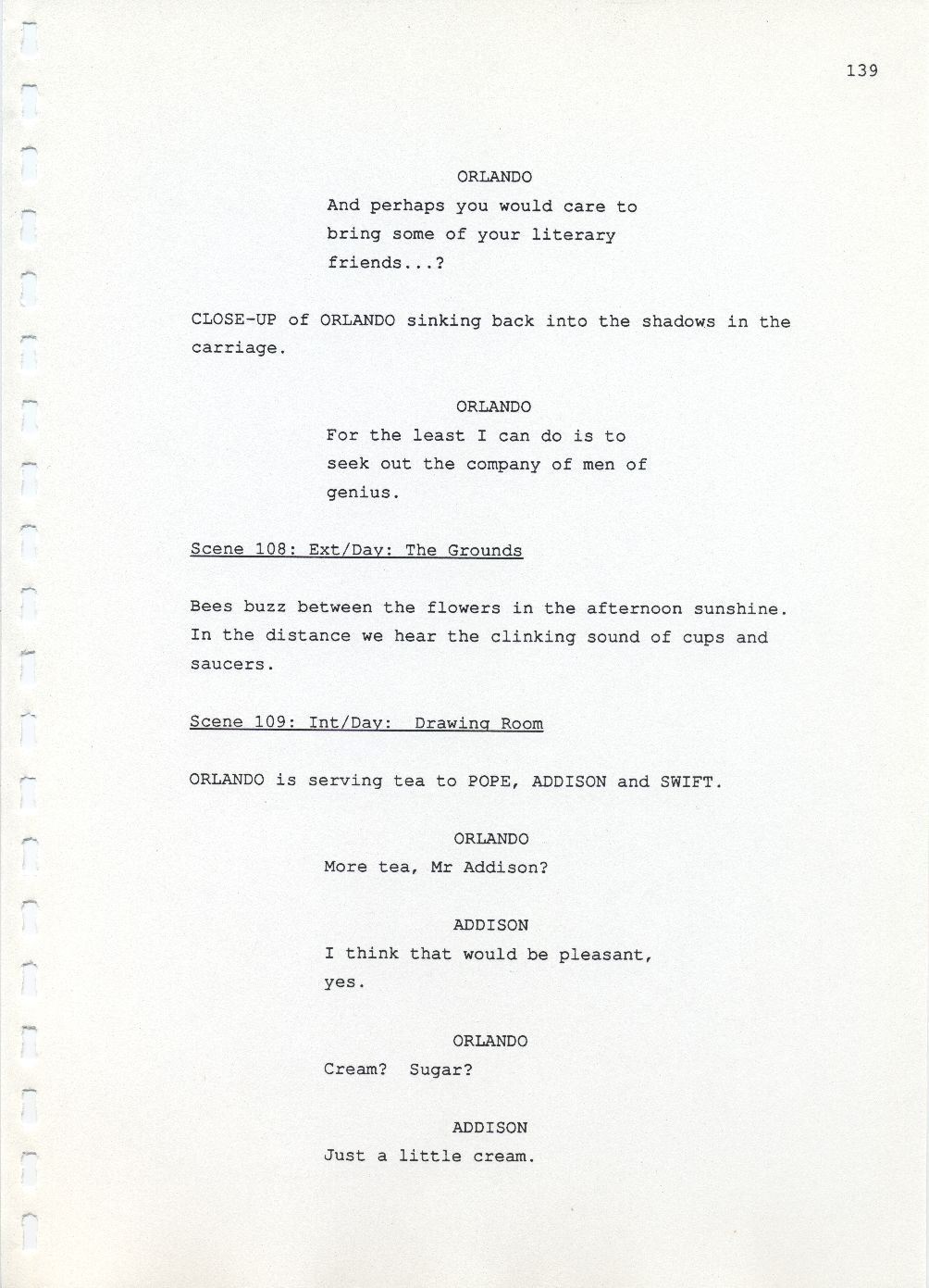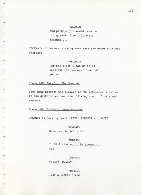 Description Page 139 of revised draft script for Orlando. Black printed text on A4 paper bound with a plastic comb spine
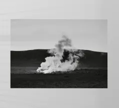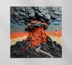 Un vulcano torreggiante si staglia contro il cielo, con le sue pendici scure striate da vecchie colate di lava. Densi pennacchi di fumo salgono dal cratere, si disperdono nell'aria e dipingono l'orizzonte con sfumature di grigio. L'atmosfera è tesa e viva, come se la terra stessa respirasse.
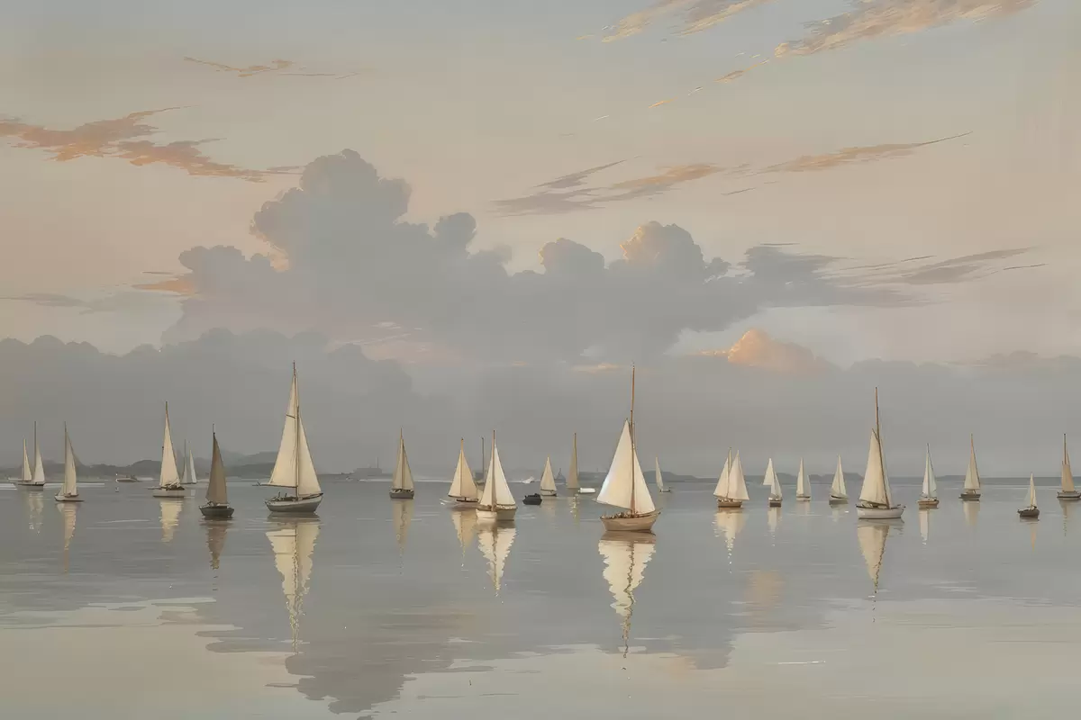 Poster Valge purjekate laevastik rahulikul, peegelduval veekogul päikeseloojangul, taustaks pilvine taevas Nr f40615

WHAT THE TASK REQUIRES:
All of the data should be returned word for word, with each picture left out.

COMPLETED TASK:
 Description Page 139 of revised draft script for Orlando. Black printed text on A4 paper bound with a plastic comb spine
 Un vulcano torreggiante si staglia contro il cielo, con le sue pendici scure striate da vecchie colate di lava. Densi pennacchi di fumo salgono dal cratere, si disperdono nell'aria e dipingono l'orizzonte con sfumature di grigio. L'atmosfera è tesa e viva, come se la terra stessa respirasse.
 Poster Valge purjekate laevastik rahulikul, peegelduval veekogul päikeseloojangul, taustaks pilvine taevas Nr f40615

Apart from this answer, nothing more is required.